**Data shown**
------------------------
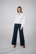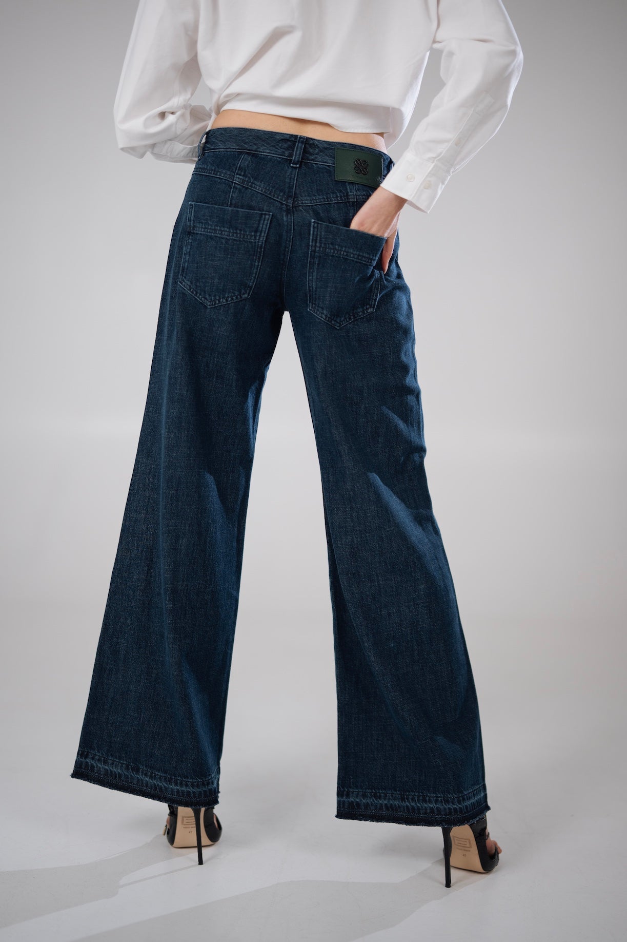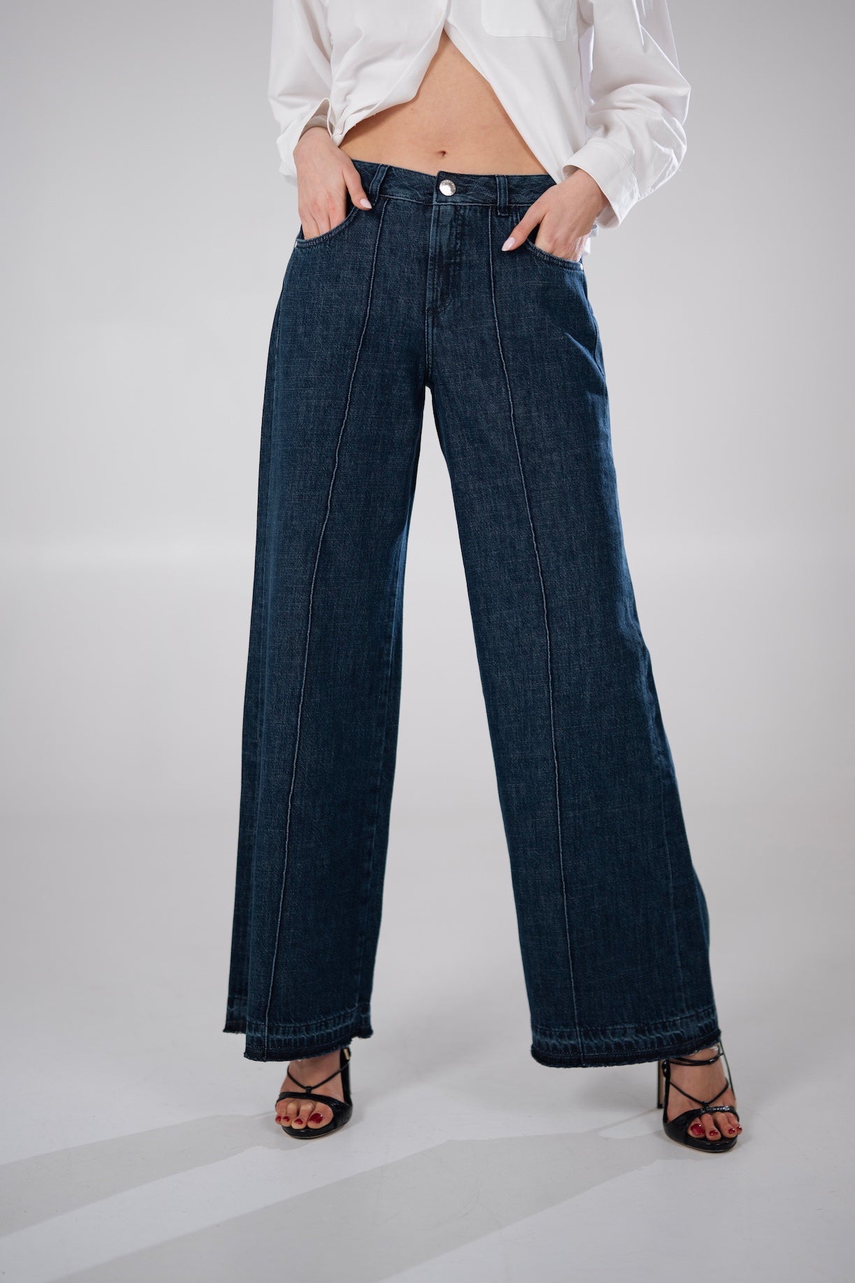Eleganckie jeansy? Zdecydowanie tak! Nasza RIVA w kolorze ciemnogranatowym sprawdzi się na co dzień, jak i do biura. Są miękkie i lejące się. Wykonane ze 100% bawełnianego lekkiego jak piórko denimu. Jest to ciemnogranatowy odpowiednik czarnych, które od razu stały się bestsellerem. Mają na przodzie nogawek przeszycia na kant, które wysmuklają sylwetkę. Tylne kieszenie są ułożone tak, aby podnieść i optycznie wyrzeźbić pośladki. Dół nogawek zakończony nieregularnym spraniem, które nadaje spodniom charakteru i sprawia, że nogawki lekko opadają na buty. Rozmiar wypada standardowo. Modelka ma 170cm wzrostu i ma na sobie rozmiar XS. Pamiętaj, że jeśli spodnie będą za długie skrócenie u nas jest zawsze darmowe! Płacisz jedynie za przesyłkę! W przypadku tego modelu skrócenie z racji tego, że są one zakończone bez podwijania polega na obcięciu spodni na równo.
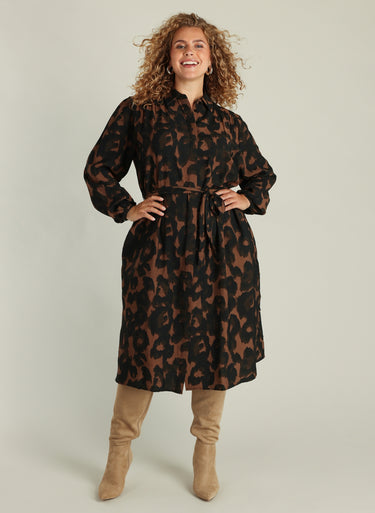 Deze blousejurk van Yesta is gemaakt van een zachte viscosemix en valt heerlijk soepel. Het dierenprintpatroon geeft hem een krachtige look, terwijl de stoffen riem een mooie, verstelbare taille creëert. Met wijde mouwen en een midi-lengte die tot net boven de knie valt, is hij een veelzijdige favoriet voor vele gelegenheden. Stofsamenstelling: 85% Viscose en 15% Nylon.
------------------------
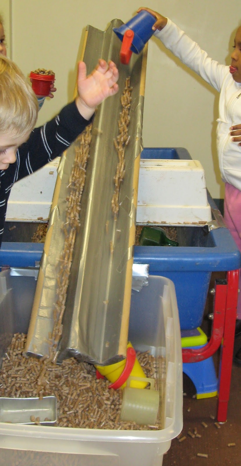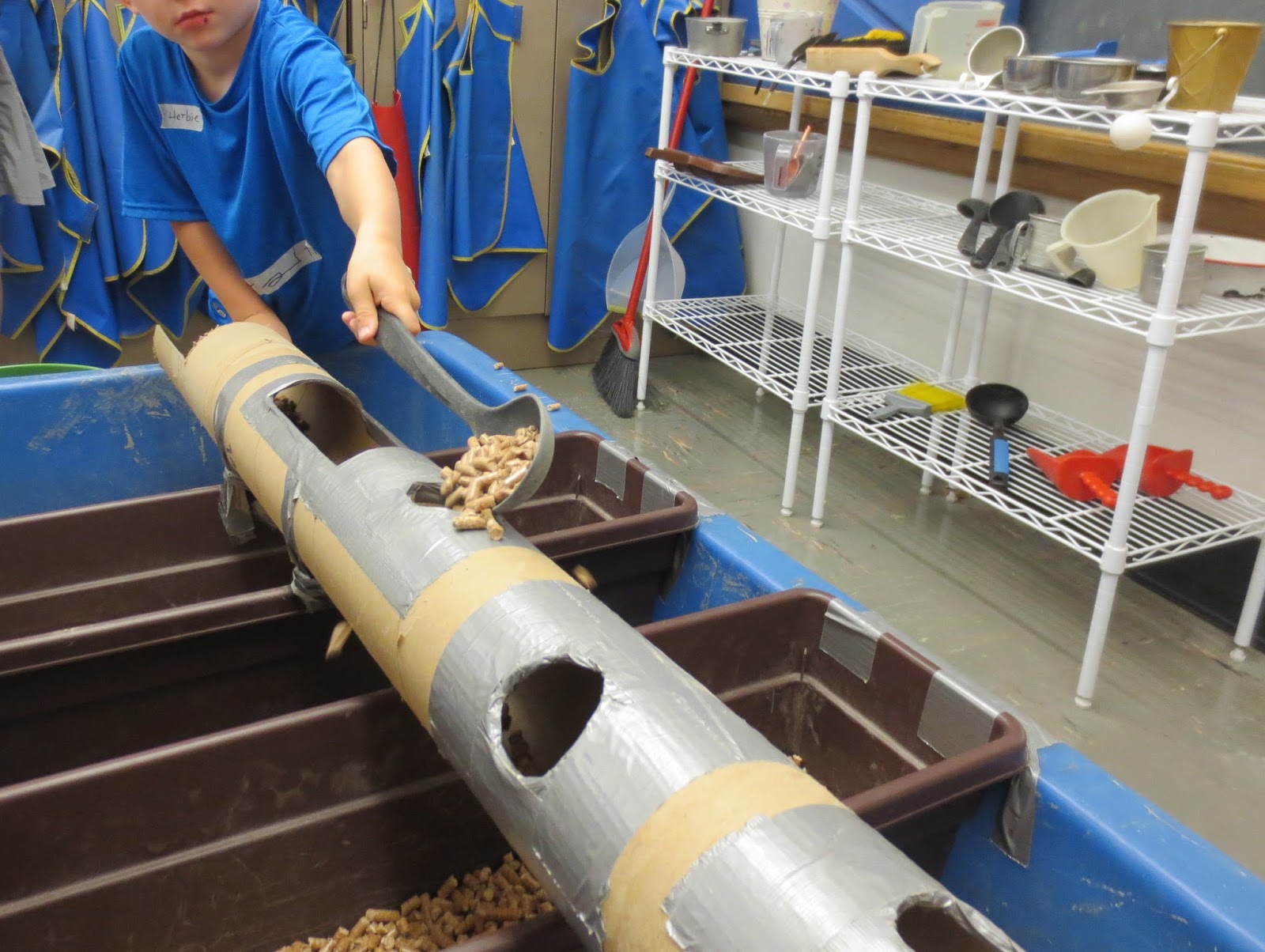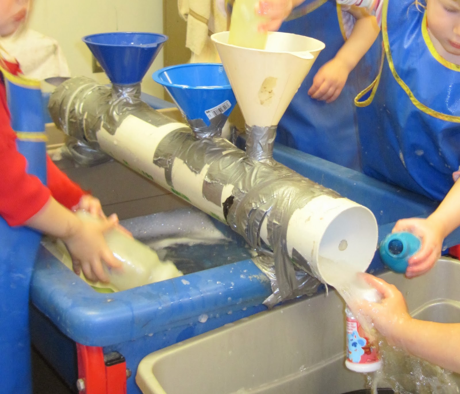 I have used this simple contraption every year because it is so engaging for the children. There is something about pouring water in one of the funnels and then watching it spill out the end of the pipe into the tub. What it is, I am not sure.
------------------------
**Work required**
Using the data above, which lines fall from the one with "Eleganckie jeansy? Zdecydowanie" through the one with "Deze blousejurk van"? Repeat them exactly, ends included, minus any pictures.

**Solution to the problem**
Eleganckie jeansy? Zdecydowanie tak! Nasza RIVA w kolorze ciemnogranatowym sprawdzi się na co dzień, jak i do biura. Są miękkie i lejące się. Wykonane ze 100% bawełnianego lekkiego jak piórko denimu. Jest to ciemnogranatowy odpowiednik czarnych, które od razu stały się bestsellerem. Mają na przodzie nogawek przeszycia na kant, które wysmuklają sylwetkę. Tylne kieszenie są ułożone tak, aby podnieść i optycznie wyrzeźbić pośladki. Dół nogawek zakończony nieregularnym spraniem, które nadaje spodniom charakteru i sprawia, że nogawki lekko opadają na buty. Rozmiar wypada standardowo. Modelka ma 170cm wzrostu i ma na sobie rozmiar XS. Pamiętaj, że jeśli spodnie będą za długie skrócenie u nas jest zawsze darmowe! Płacisz jedynie za przesyłkę! W przypadku tego modelu skrócenie z racji tego, że są one zakończone bez podwijania polega na obcięciu spodni na równo.
 Deze blousejurk van Yesta is gemaakt van een zachte viscosemix en valt heerlijk soepel. Het dierenprintpatroon geeft hem een krachtige look, terwijl de stoffen riem een mooie, verstelbare taille creëert. Met wijde mouwen en een midi-lengte die tot net boven de knie valt, is hij een veelzijdige favoriet voor vele gelegenheden. Stofsamenstelling: 85% Viscose en 15% Nylon.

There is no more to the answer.